Here is my Python code:

import numpy as np
import cv2
import serial

#Defining PID gains
kp = 0.5
kd = 0
ki  =0
last_error =0 
stepper_pos=0
integral=0
ser = serial.Serial('com11', 115200)
def measure_distance(frame, center):
  """Measures the distance between the center of the frame and the red object.

  Args:
    frame: A numpy array representing the frame.
    center: A tuple (x, y) representing the center of the frame.

  Returns:
    A float representing the distance between the center of the frame and the red object.
  """

  # Convert the frame to HSV color space.
  hsv = cv2.cvtColor(frame, cv2.COLOR_BGR2HSV)

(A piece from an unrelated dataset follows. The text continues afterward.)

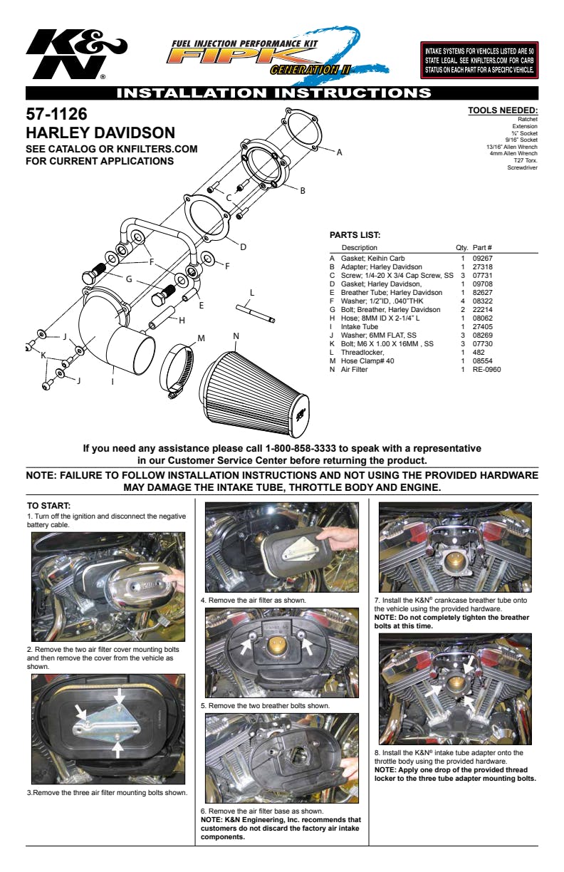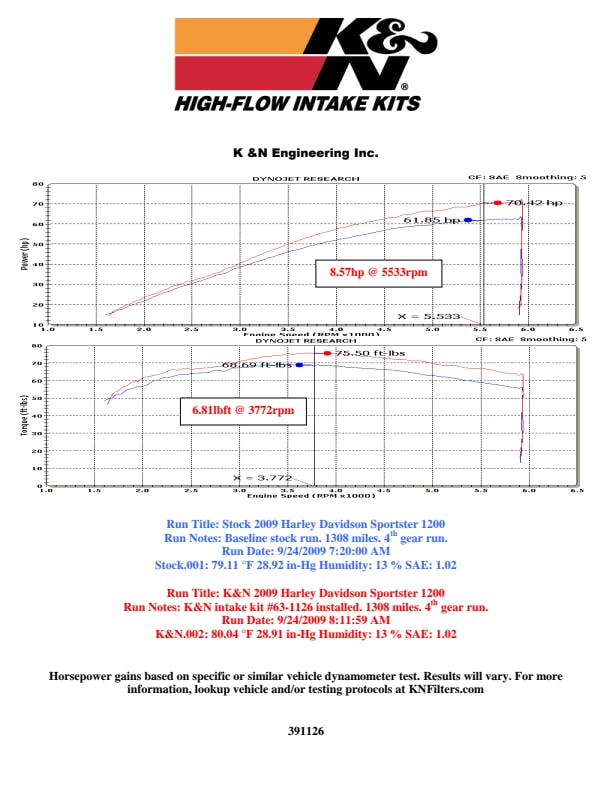 K&N FIPK air intakes for select Harley-Davidson Touring, Softail, Twin-Cam & Sportster motorcycle models increase power by eliminating the restrictive stock air cleaner and replacing it with a low restriction intake.

  # Define the HSV range for red color.
  redLower1 = (0, 100, 100)
  redUpper1 = (10, 255, 255)
  redLower2 = (160, 100, 100)
  redUpper2 = (180, 255, 255)

  # Create masks for both red color ranges.
  mask1 = cv2.inRange(hsv, redLower1, redUpper1)
  mask2 = cv2.inRange(hsv, redLower2, redUpper2)
  mask = cv2.bitwise_or(mask1, mask2)

  # Erode and dilate the mask to remove noise.
  mask = cv2.erode(mask, None, iterations=2)
  mask = cv2.dilate(mask, None, iterations=2)

  # Find the contours of the red object.
  cnts = cv2.findContours(mask.copy(), cv2.RETR_EXTERNAL, cv2.CHAIN_APPROX_SIMPLE)[-2]

  # Find the center of the red object.
  if len(cnts) > 0:
    c = max(cnts, key=cv2.contourArea)
    ((x, y), radius) = cv2.minEnclosingCircle(c)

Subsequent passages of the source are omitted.